Only when things go completely wrong and Josh betrays her does she realize how bad that situation was. But even then, she still thinks she can fix what happened. She thinks she can make Josh happy again by working harder at being bad.

When I envisioned the relationship between Katie and Josh, I thought of it as an abusive relationship. Josh knows exactly what to say and how to act to keep Katie around. He knows how to make her feel special and needed, at the same time manipulating her into doing what he wants. And he knows how to make her feel guilty and like a failure for not living up to his expectations. He’s broken her down. He’s made her completely dependent on him. He needs her weak and unsure so he can get what he wants.

This type of relationship dynamic happens on a daily basis. I chose to have a teen as my main character because of her inexperience with relationships and men, but it can happen to anyone. And a lot of it is because women are taught that their self-worth and meaning comes from their relationships and how well they maintain them, i.e., how well they take the bad out of the boy. But it often doesn’t work out well for the women.

Katie learns that some boys just want to be bad. Josh always had his own agenda in mind, and she was just a means to an end. But on the other end of the spectrum, Wes isn’t exactly the better choice either.

Within the context of the story, I purposely chose to have Heaven vs. Hell, good vs. evil, as the main conflict. It is a black and white battle that most people recognize easily. And readers chose their sides immediately: they were either Team Josh or Team Wes. And I encouraged their decisions. I wanted them to pick sides. It was rather sneaky of me to do that.

Having readers pick teams played right into the notions and expectations that Katie needed a man in her life to give her definition and meaning.
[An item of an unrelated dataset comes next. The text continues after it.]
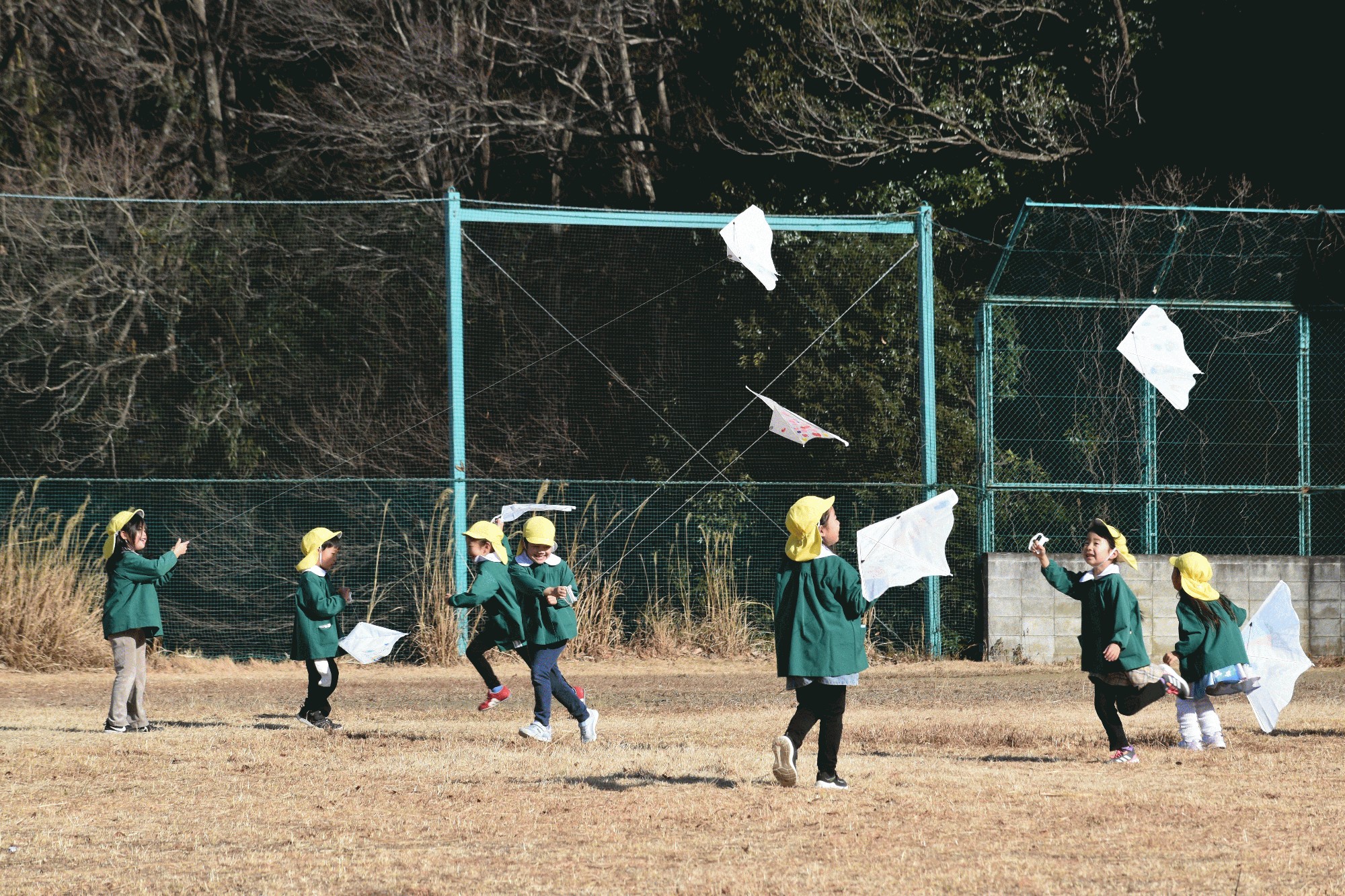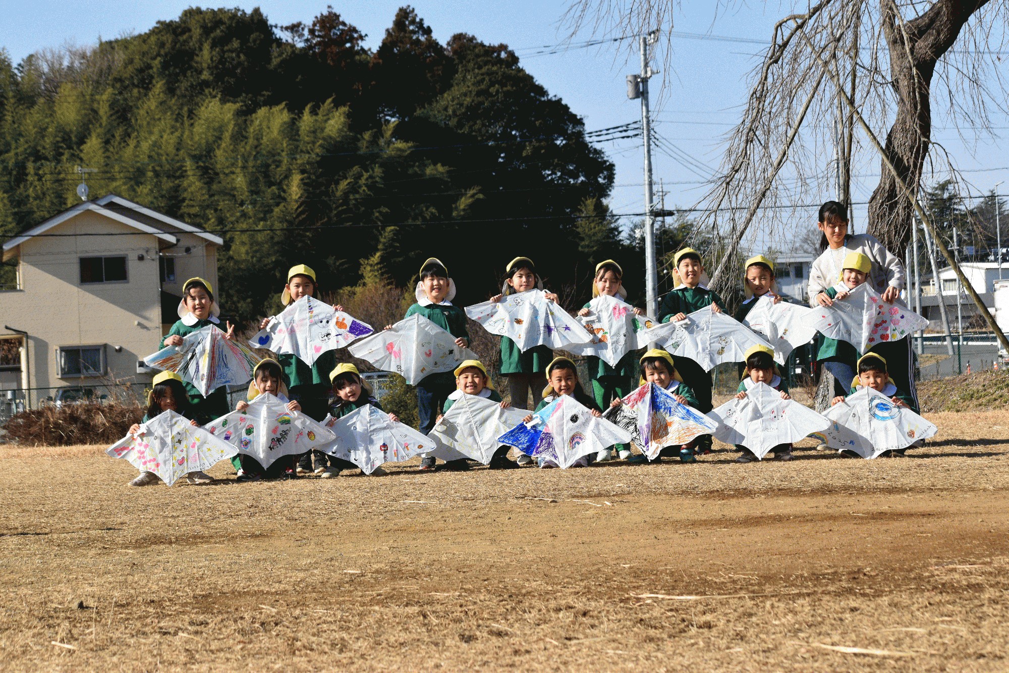 - 年長のこども達が凧揚げをしました

If Wes couldn’t provide it, surely Josh could. And when Josh turned out to be totally evil and Wes came back, Katie could still be saved. But as I mentioned briefly above, Wes isn’t any better than Josh. Sure, he’s on the side of good, but he’s also emotionally unavailable. He’s been stringing Katie along for years, making her believe that they could have a normal relationship, but he’s incapable of being there for her.

Wes does good for the world. He rids the world of evil threats, and he loves Katie, and in his mind, he thinks that should be enough. He has absolutely no idea what it means to be there for her because he never has been. He is selfish and self-centered. He thinks that keeping her safe from herself is enough. But what Katie really needs is a partner, someone who sees all her flaws and accepts her for who she is. Wes starts to do this at the end of the series, but by then it might be too late.
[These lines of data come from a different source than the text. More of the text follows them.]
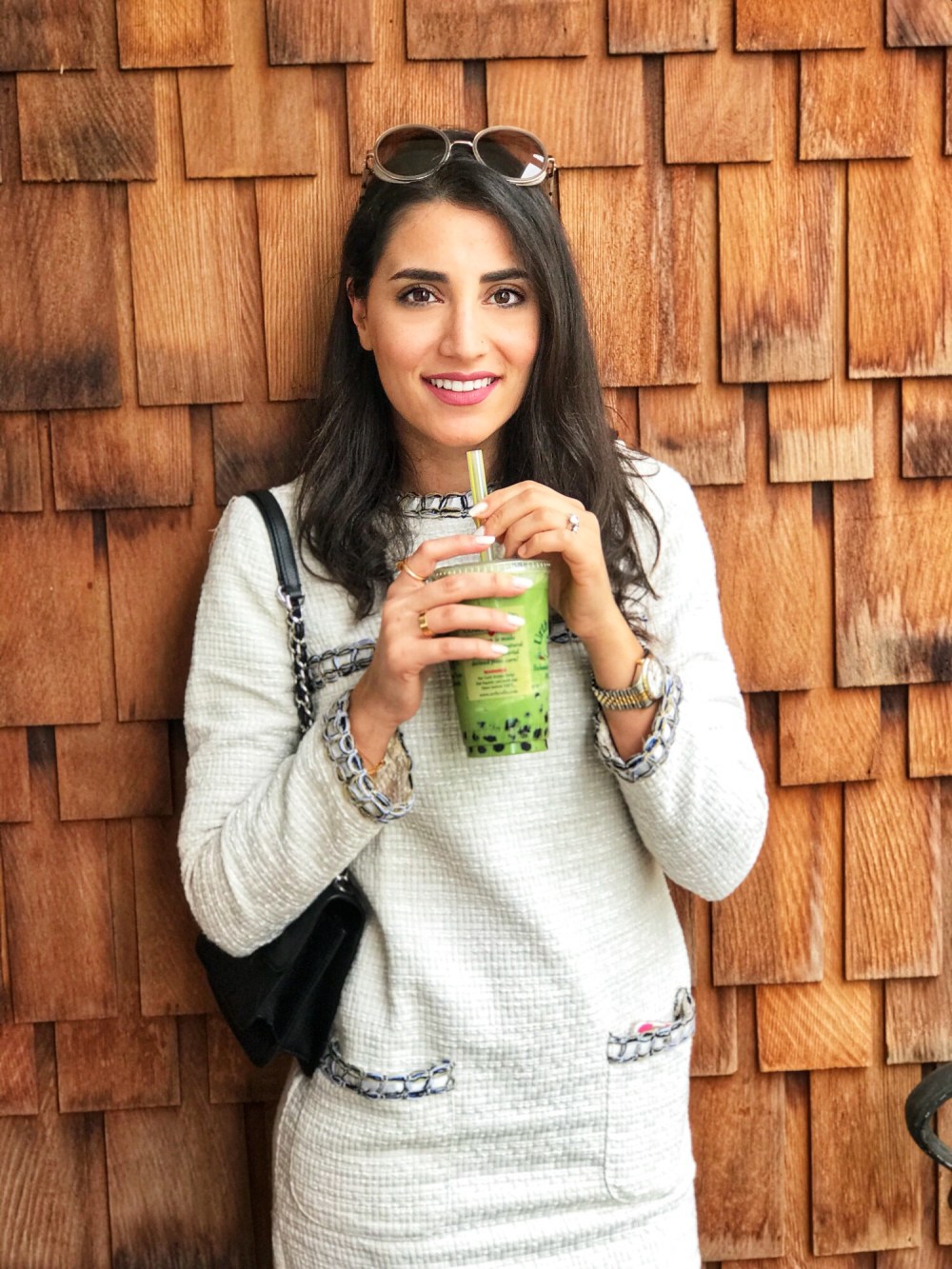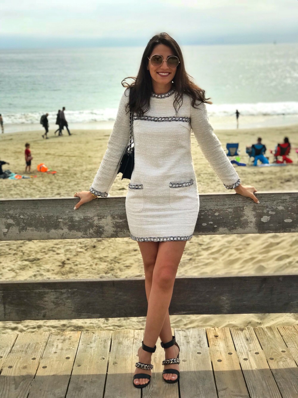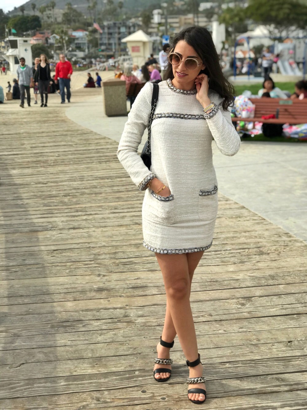 Tweed, an old favorite continues to be a major closet staple this season. This prominent, sturdy structure from matching sets to oversized jackets is known for its chic and elegant look and versatility. I am dressed in a whipstitch trim tweed dress from SheIn. Find out more about the dress in the link below. I am wearing Givenchy chain block heel sandals and Chanel handbag. I like how the chains on both match the whipstitch trim detailing in the dress.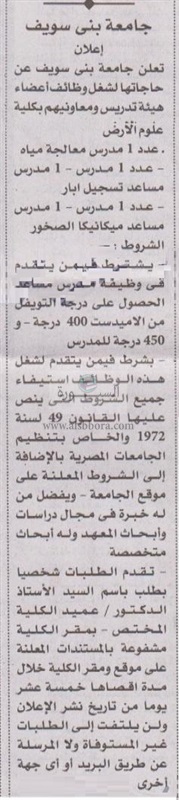 أعلنت جامعة بني سويف عن وظائف جديدة لأعضاء هيئة التدريس "من حملة الماجستير والدكتوراه" علما بأن أخر موعد للتقديم 30 ابريل وذلك وفقا لنص الإعلان التالي:-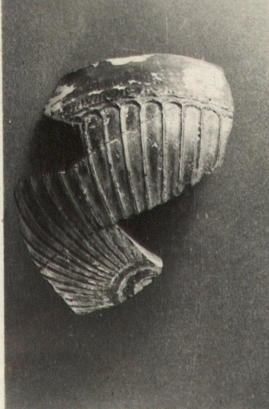 | Description: | Only a small segment remains. In the medallion a rosette; from it spring elongated petals; the upper zone is a band of egg and dart. Fine buff clay, thin metallic glaze, fired to red in the lower part. | |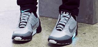 将前脚掌伸到鞋里,传送带让脚带到正确位置,固定好,HyperAdapt 自动调节鞋面松紧,两个维度都到达最合适的状态。

Katie doesn’t exactly have a lot of choices in boys when it comes to relationships. She had Josh, who is abusive, and Wes, who is emotionally distant. And yet, these were who readers were rooting for her to be with. I laughed whenever I saw people pick a team, and I wondered: why is no one picking Team Katie?

This, of course, comes back to stereotypes and notions that Katie has to end up with a guy. It’s a convention that has been portrayed in stories since the dawn of time. And I wanted readers to believe that trope. I wanted them to think that was how the story was going to go. But what it all boils down to, and what it has always boiled down to, was that the only person who could save Katie was Katie. She might not have accomplished it in overly heroic style or without getting hurt along the way, but she accomplished it.

Life is tough, and we are constantly faced with difficult and challenging decisions. As Katie learned, she has to have faith in herself and learn that self-worth is drawn from within, not from those around her. It doesn’t matter that she possess both good and evil, we all do. In the end, she has to live with consequences of her decisions—whether good or bad or both—and no one else can define her.